Encryption modes usually require an initial vector (IV) or counter (CTR). If we are not careful in selecting them, the encrypted data may not be secure at all, even though we are using a secure encryption algorithm and mode.

One may argue that if the plaintext does not repeat unlike pic_original.bmp, it may be secure to the same IV (or CTR). Unfortunately, we show that that is not the case. Let us look at the CTR mode. Assume that the attacker gets hold of a plaintext (P) and a ciphertext (C), can he/she decrypt other encrypted messages if the CTR is always the same?

Your Task

You are given the following information,
P: 546869732069732061206b6e6f776e206d65737361676521
C: ed6b6ee550650f5b9bb699678e244260c3bc87ec8a3172d7
target: d26d68e11e2c0c179bff9c7d842b5860cfad9fbfa80245fc

To do: What is the underlying message for the ciphertext target (i.e., the contents of secret.txt)? It's an English phrase. You must find out what this is.

Tips

  • Read the code in part4.py carefully.
  • Note that both C and target are encrypted using the same key and ctr.
  • Read the lecture notes again on the CTR mode. In particular, look at the scheme diagram carefully. What will happen if the key and ctr are the same? Specifically, in the diagram, identify the arrows that must carry the same data.
  • Note key and ctr are chosen at random, meaning everytime you run this script you will see different values for them. Therefore, the actual random values used in the encryption and displayed in the instructions are not known to you.
  • The script part4.py is given just to show how the data was generated. You probably have to write a separate script for your attack.
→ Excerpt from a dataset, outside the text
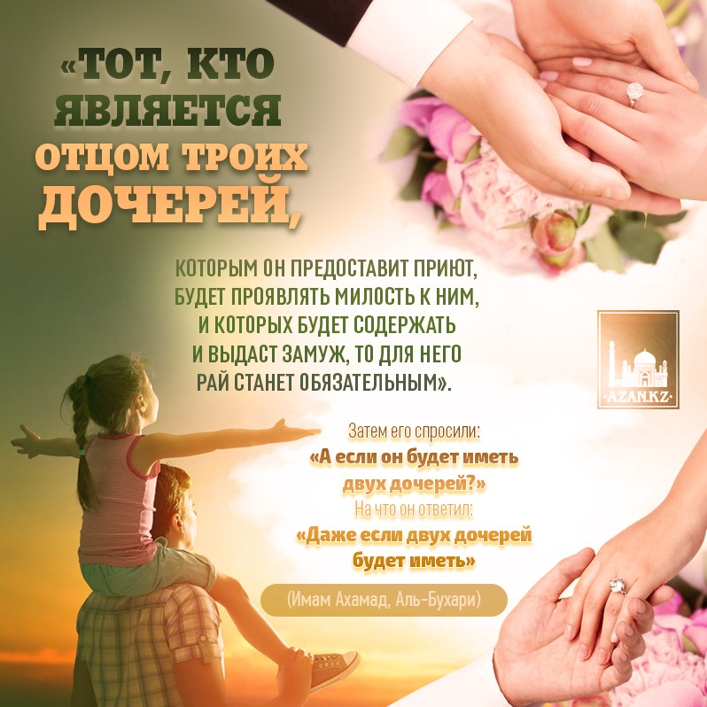 Посланник Аллаха ﷺ сказал: «Тот, кто является отцом троих дочерей, которым он предоставит приют, будет проявлять милость к ним, и которых будет содержать и выдаст замуж, то для него Рай станет обязательным». Затем его спросили: ««А если он будет иметь двух дочерей?». На что он ответил: «Даже если двух дочерей будет иметь» (Имам Ахамад, Аль-Бухари)

[10pts] Part 5: Chosen Plaintext Attack on the CBC mode --- When IV Is Predictiable

(Warning: This part is probably the most challenging in the entire project. If you're stuck, you may want to move on Parts 6 and 7 first, and then come back to this part.)

From the previous task, we now know that IVs cannot repeat. Another important requirement on IV is that IVs need to be unpredictable for many schemes, i.e., IVs need to be randomly generated.
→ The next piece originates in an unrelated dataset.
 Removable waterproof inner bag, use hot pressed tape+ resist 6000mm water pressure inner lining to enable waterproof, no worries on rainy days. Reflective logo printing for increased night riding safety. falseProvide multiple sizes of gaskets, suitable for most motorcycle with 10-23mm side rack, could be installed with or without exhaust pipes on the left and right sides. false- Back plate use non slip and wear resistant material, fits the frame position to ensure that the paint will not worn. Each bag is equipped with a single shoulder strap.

In this task, we will see what is going to happen if IVs are predictable.

Assume that Bob just sent out an encrypted message, and Eve knows that its content is either Yes or No; Eve can see the ciphertext and the IV used to encrypt the message, but since the encryption algorithm AES is quite strong, Eve has no idea what the actual content is.
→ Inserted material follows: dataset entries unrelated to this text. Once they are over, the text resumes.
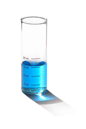 Glass test tubes or flasks with blue liquid on white background for scientific analysis. laboratory research and development concept. scientist sample chemistry or medicine test
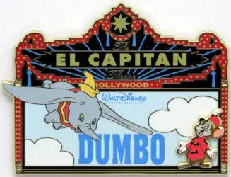 Dumbo is a Limited Edition (LE) 150 pin from the El Capitan Marquee Series pin series. It was originally released on , 2010 and was available from Disney Studio Store Hollywood / Soda Fountain .
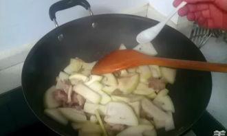 4. 蒲瓜炒肉片:搭配猪肉、青椒、洋葱等食材,色香味俱佳。
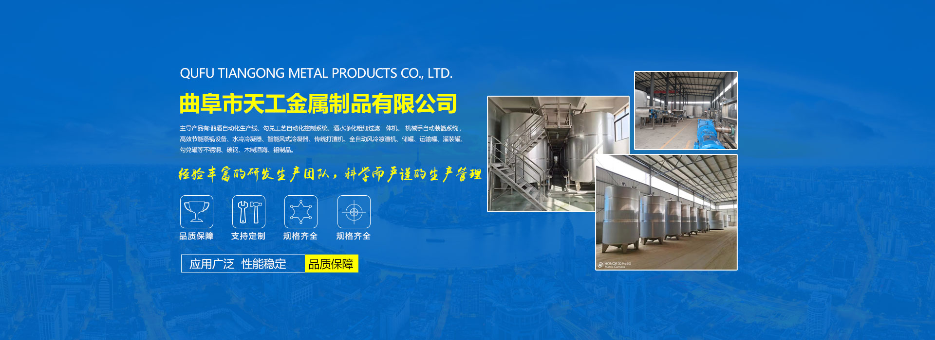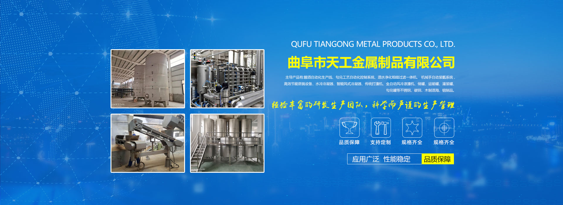 本公司是專業(yè)生產(chǎn)不銹鋼酒罐、不銹鋼釀造設(shè)備、不銹鋼發(fā)酵罐、釀酒、食品、生物、化工、環(huán)保設(shè)備、制藥設(shè)備的廠家。主導(dǎo)產(chǎn)品有:釀酒自動化生產(chǎn)線、勾兌工藝自動化控制系統(tǒng)、酒水凈化粗細(xì)過濾一體機(jī)、?機(jī)械手自動裝甑系統(tǒng),高效節(jié)能蒸鍋設(shè)備、水冷冷凝器、智能風(fēng)式冷凝器、傳統(tǒng)打渣機(jī)、全自動風(fēng)冷涼渣機(jī)、儲罐、運輸罐、灌裝罐、勾兌罐等不銹鋼、碳鋼、木制酒海、鋁制品。各種反應(yīng)釜、發(fā)酵罐、提取罐、氣體混合罐、烘干設(shè)備等大中型設(shè)備安裝,平臺制作、工藝管線制作安裝,容器設(shè)備內(nèi)外防腐保溫。產(chǎn)品規(guī)格齊全,質(zhì)量可靠。

However, since Bob uses predictable IVs, Eve knows exactly what IV Bob is going to use next. A good cipher should not only tolerate the known-plaintext attack described previously, it should also tolerate the chosen-plaintext attack. Unfortunately, the IVs he generates are not random, and they can always be predictable.

To emulate the above scenario, you are given part5_py.txt.

Note: Every time you run part5.py, newly chosen plaintext, key, and iv will be used.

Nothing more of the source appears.